An important element of project costs will always come from bought-in materials, assets, staff, and services. So, a closely allied discipline to Project Cost Management is Project Procurement Management.
Indeed, this is another of the 10 Knowledge Aress in the 6th edition of the PMBOK Guide. So, of course, we have one of our big guides for you:
And do also take a look at our video, A Fixed Price Contract for Your Project: Pros and Cons.
Governance of Project Expenditure
The PMI’s PMBOK Guide is weak on governance throughout.

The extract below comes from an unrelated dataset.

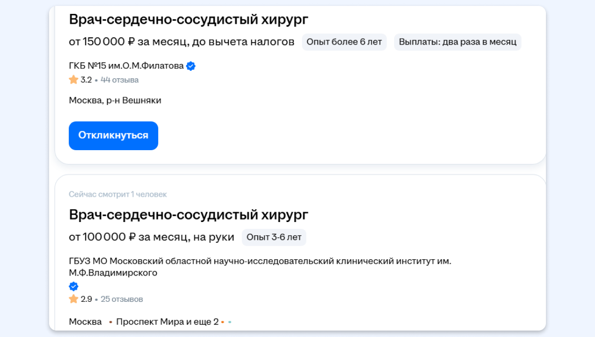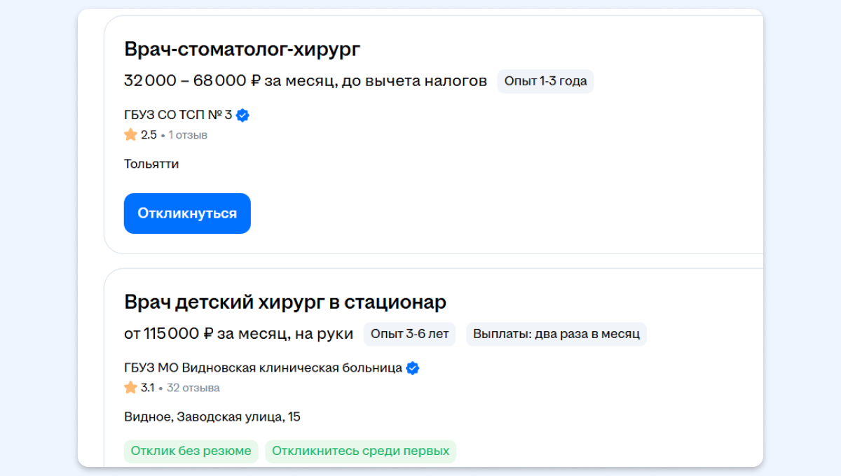 В государственных больницах стартовые предложения для врачей без опыта — 35–50 тысяч рублей. По мере роста стажа доход увеличивается и в среднем достигает 100 тысяч рублей в месяц.

So it is little surprise that it has nothing (that I can find) to say about the governance of Project Cost Management.
But, as always, the UK Government’s PRINCE2 methodology has governance as a key strength, and points us in the right direction.
Clearly your Project Board and Sponsor have a crucial role to play in the oversight of your spending. It should be on the Project Board’s standing agenda to review budget reporting, and I favor ensuring that one member of the Project Board has sufficient financial skills to competently monitor and advise Board colleagues on the financial situation. For a substantial project (in terms of expenditure, profile, or risk), I suggest this needs to be someone with a financial qualification.

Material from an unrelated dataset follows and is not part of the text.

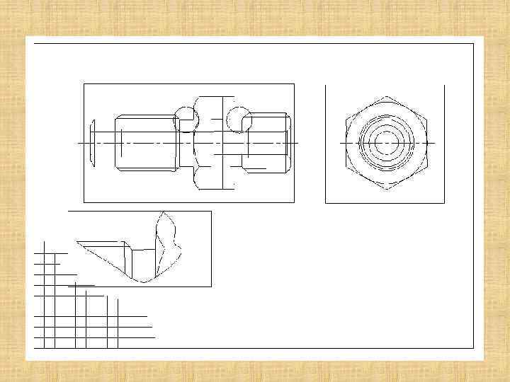 2 -ой этап- выполнение изображений: • на листе вычерчивают рамку и прямоугольники для основной и дополнительной надписей, наносят тонкими линиями габаритные прямоугольники изображений, соблюдая проекционную связь и предусматривая между ними места для размещения размерных линий; • внутри габаритных прямоугольников проводят оси симметрии (если деталь симметрична); • строят изображения в тонких линиях, начиная с основной геометрической формы из числа составляющих деталь; • выполняют разрезы и сечения, выносные элементы, наносят условное обозначение резьбы; • проверяют построения и при необходимости вносят исправления, удаляют вспомогательные линии, обводят линии контура, штрихуют разрезы и сечения.

The Senior Financial Officer Role
Some UK Governmental projects appoint a Senior Finance Officer (SFO) to the biggest projects. These carry out the same level of oversight and have the same level of accountability as the Senior Responsible Officer (SRO – broadly, the Sponsor), but in the domain of the project’s finances. In other models, the SFO is an advisor to support the SRO. I recommend you give these kinds of model careful consideration. Especially if your project has a large expenditure and significant risk or profile.

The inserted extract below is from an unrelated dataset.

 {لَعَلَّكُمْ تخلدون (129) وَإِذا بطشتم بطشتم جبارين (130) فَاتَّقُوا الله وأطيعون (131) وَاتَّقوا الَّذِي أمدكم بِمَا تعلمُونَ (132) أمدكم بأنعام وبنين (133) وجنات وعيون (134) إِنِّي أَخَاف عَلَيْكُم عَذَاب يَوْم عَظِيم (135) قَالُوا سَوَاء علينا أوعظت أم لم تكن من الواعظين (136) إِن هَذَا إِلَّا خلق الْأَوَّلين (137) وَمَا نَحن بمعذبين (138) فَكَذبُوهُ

Note that the SFO role is not explicitly mentioned in PRINCE2 publications.
The other hugely valuable contribution to financial governance that PRINCE2 mandates is through the Gateway Review process. This is also used in non-PRINCE2 projects, so is well worth considering.
Here, you can link the Stage-Gate process directly to the release of funding to the project. Tranches of budgeted funding can only be released for spending on successful completion of a stage-gate review, and approval by the review team or the Project Board. You’ll find we have a full-length article on the Project Stage-Gate Process – and why it will make you a better project manager.
Monitoring and Controlling Expenditure
These are your activities to keep your project on budget.
Tracking actual expenditure against your budget. Ideally, do this as near to real-time as you can. The more your project is spending, the more frequently you need to monitor.
Taking corrective actions is expenditure looks like it will exceed budget or has already done so.
Monitoring and Control Tools
For most small projects, if I’m honest, a spreadsheet will do! But this approach is fraught with risks. If you are leading a larger project, you need a tool built for the job.
This type of tool is called a Project Management Information System (or PMIS – careful how you say it!). There are many varieties.
- Stand alone financial management tools, built for the project environment
- Project Management add-ons to enterprise financial management tools (like Oracle, Sage, or SAP)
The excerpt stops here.